[YOUR TASK]: Using the data below, set down every line from the one containing "3. 下图中直角三角形的斜边$BC$是圆的直径,$O$是圆心,$AO$ $=$" through the one containing "Coulter Pines RetreatListed", inclusive and unchanged. Pictures are to be skipped.

[DATA SHOWN]:
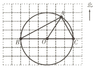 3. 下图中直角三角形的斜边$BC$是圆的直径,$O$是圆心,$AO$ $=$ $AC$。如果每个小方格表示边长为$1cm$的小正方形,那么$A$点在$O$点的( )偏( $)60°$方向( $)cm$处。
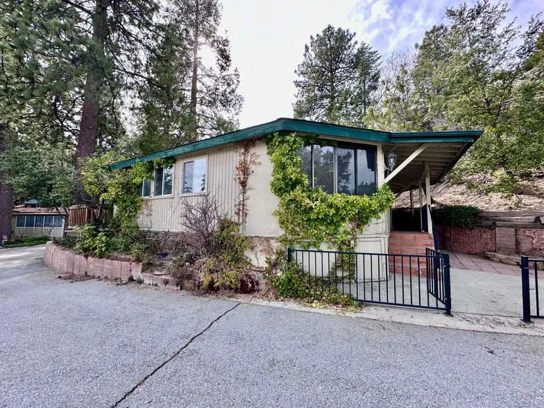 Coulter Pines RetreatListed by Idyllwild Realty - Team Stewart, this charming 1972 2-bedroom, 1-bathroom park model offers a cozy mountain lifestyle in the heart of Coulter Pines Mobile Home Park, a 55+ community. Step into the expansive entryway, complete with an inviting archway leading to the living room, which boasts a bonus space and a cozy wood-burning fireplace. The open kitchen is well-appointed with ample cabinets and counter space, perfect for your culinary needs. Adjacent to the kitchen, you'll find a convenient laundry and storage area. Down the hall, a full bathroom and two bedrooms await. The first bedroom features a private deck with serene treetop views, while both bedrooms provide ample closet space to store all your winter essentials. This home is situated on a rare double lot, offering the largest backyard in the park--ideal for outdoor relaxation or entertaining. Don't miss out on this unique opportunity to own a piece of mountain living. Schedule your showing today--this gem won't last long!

...

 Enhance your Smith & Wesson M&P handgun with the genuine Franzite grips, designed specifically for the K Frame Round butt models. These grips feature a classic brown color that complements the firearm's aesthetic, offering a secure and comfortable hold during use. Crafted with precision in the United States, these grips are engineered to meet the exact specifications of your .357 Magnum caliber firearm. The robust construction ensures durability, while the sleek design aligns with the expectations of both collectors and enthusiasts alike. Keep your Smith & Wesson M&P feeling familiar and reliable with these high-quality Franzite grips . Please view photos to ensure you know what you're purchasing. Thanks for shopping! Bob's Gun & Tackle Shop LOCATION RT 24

==

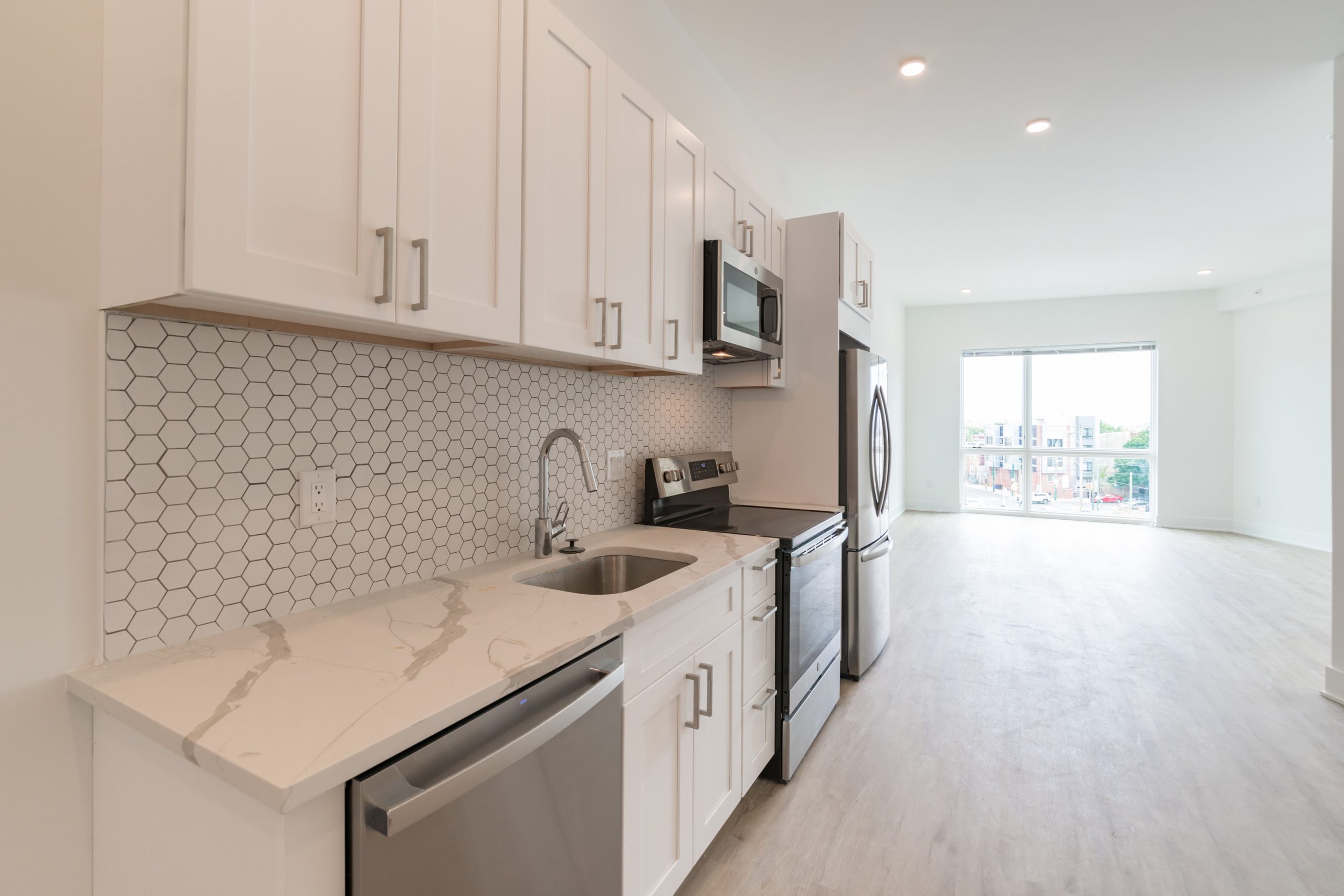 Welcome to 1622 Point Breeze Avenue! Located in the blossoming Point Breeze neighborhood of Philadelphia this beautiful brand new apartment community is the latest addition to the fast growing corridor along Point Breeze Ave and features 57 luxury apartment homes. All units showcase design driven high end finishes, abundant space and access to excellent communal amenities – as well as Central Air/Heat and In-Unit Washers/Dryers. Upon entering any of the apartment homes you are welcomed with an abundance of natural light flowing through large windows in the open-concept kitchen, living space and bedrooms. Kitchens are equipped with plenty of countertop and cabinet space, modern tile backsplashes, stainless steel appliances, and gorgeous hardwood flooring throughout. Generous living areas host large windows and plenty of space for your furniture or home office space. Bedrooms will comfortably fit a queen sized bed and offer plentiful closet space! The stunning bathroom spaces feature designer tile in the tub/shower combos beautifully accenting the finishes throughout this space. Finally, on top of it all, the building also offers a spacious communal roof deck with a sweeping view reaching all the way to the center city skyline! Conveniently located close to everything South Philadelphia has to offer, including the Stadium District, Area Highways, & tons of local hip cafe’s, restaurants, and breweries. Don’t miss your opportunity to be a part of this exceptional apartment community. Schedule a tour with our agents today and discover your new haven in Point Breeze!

[SOLUTION TO THIS TASK]:
 3. 下图中直角三角形的斜边$BC$是圆的直径,$O$是圆心,$AO$ $=$ $AC$。如果每个小方格表示边长为$1cm$的小正方形,那么$A$点在$O$点的( )偏( $)60°$方向( $)cm$处。
 Coulter Pines RetreatListed by Idyllwild Realty - Team Stewart, this charming 1972 2-bedroom, 1-bathroom park model offers a cozy mountain lifestyle in the heart of Coulter Pines Mobile Home Park, a 55+ community. Step into the expansive entryway, complete with an inviting archway leading to the living room, which boasts a bonus space and a cozy wood-burning fireplace. The open kitchen is well-appointed with ample cabinets and counter space, perfect for your culinary needs. Adjacent to the kitchen, you'll find a convenient laundry and storage area. Down the hall, a full bathroom and two bedrooms await. The first bedroom features a private deck with serene treetop views, while both bedrooms provide ample closet space to store all your winter essentials. This home is situated on a rare double lot, offering the largest backyard in the park--ideal for outdoor relaxation or entertaining. Don't miss out on this unique opportunity to own a piece of mountain living. Schedule your showing today--this gem won't last long!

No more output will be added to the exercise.